Runs gws CLI remotely, passing the user's OAuth access token directly. Each user accesses resources with their own permissions — you can see your Drive but not someone else's.

Since OAuth authentication and Google Workspace authorization happen simultaneously, the moment you connect to the MCP you have immediate access to your Workspace resources. No additional login or token setup required — the experience is seamless.

# What you can do
"Summarize the sales data in this spreadsheet"
"Extract meeting notes from last week's calendar"
"Summarize this document"

Git Server MCP

A read-only server for all company Git repositories.

The motivation: bypassing GitHub MCP rate limits. GitHub's official MCP server hits the GitHub API under the hood, and the rate limit kicks in surprisingly fast when AI is investigating a codebase.

Git Server MCP keeps main-branch clones of all repos on a GCE VM, operating via local git commands with zero rate limiting. Query as much as you want.

Tool	Description
`git_blame`	Last change commit per line
`git_log`	Commit history
`git_grep`	Cross-repo text search
`git_show`	Commit details
`git_diff`	Diff between commits
`read_file`	Read file contents
`list_files`	List directory contents
`search_repos`	Search repositories

No GitHub account needed — OAuth authentication is sufficient.

Observability: Grafana MCP

The official mcp/grafana Docker image deployed on Cloud Run, with an OAuth proxy in front.

Claude Code → OAuth Proxy → mcp-grafana → Grafana Cloud

Supports PromQL/LogQL queries, dashboard inspection, and alert rule review.

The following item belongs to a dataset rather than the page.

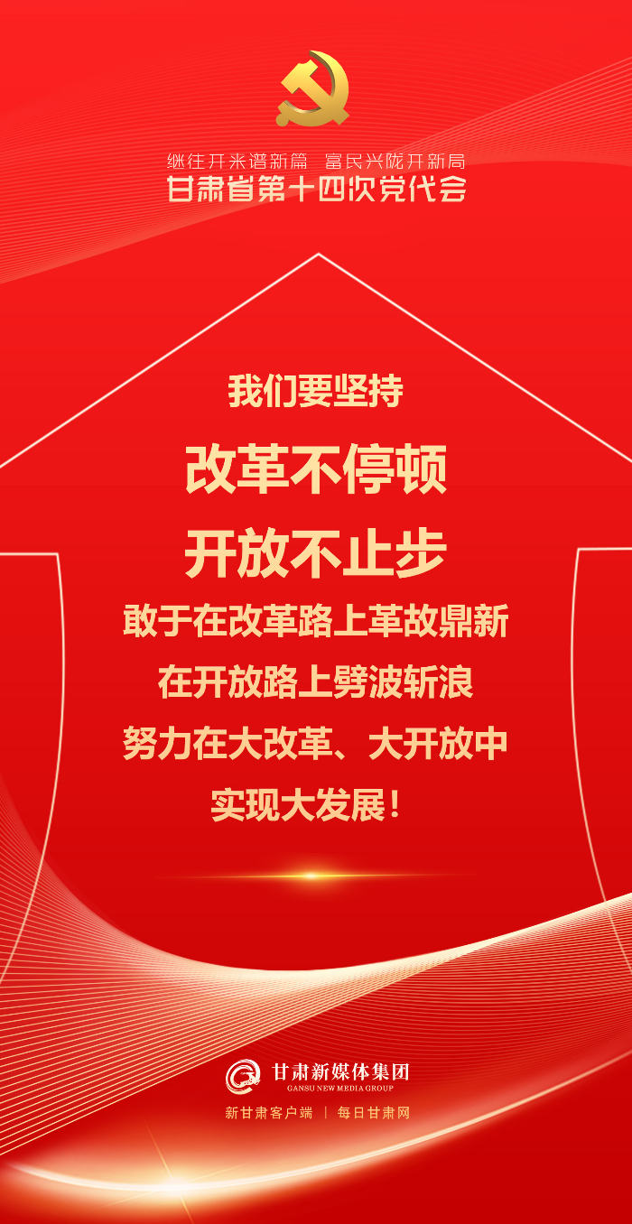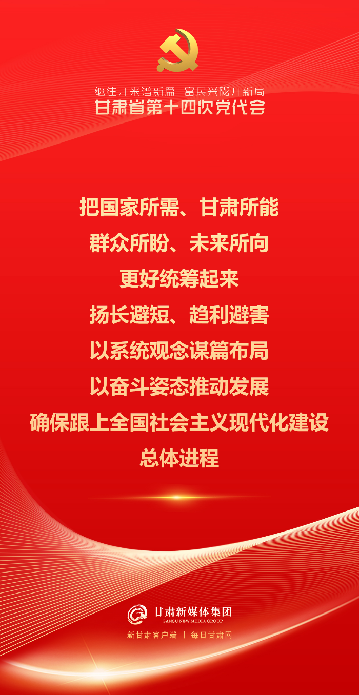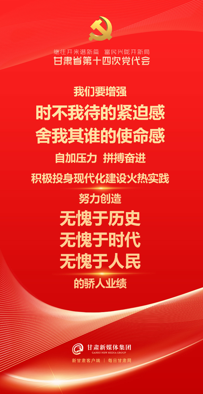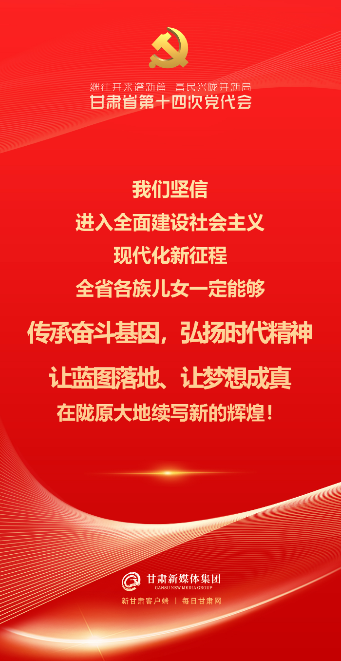 5月27日,中国共产党甘肃省第十四次代表大会在兰州隆重开幕。尹弘代表中国共产党甘肃省第十三届委员会向大会做报告。报告字字铿锵,催人奋进!一起来看~

What's important is that Grafana dashboards and alert rules are also defined in the same repository as Pulumi (TypeScript). This means:

Write application code
Define alert rules in the same repo
Alert fires in production
Claude Code reads logs via Grafana MCP
Fix the code in the same repo

The code → infra → observability → investigation → fix loop is completely closed.

CI/CD: CircleCI MCP

Integrates with CircleCI API v2. A shared CircleCI token sits behind Google SSO, so the whole team uses it without managing tokens.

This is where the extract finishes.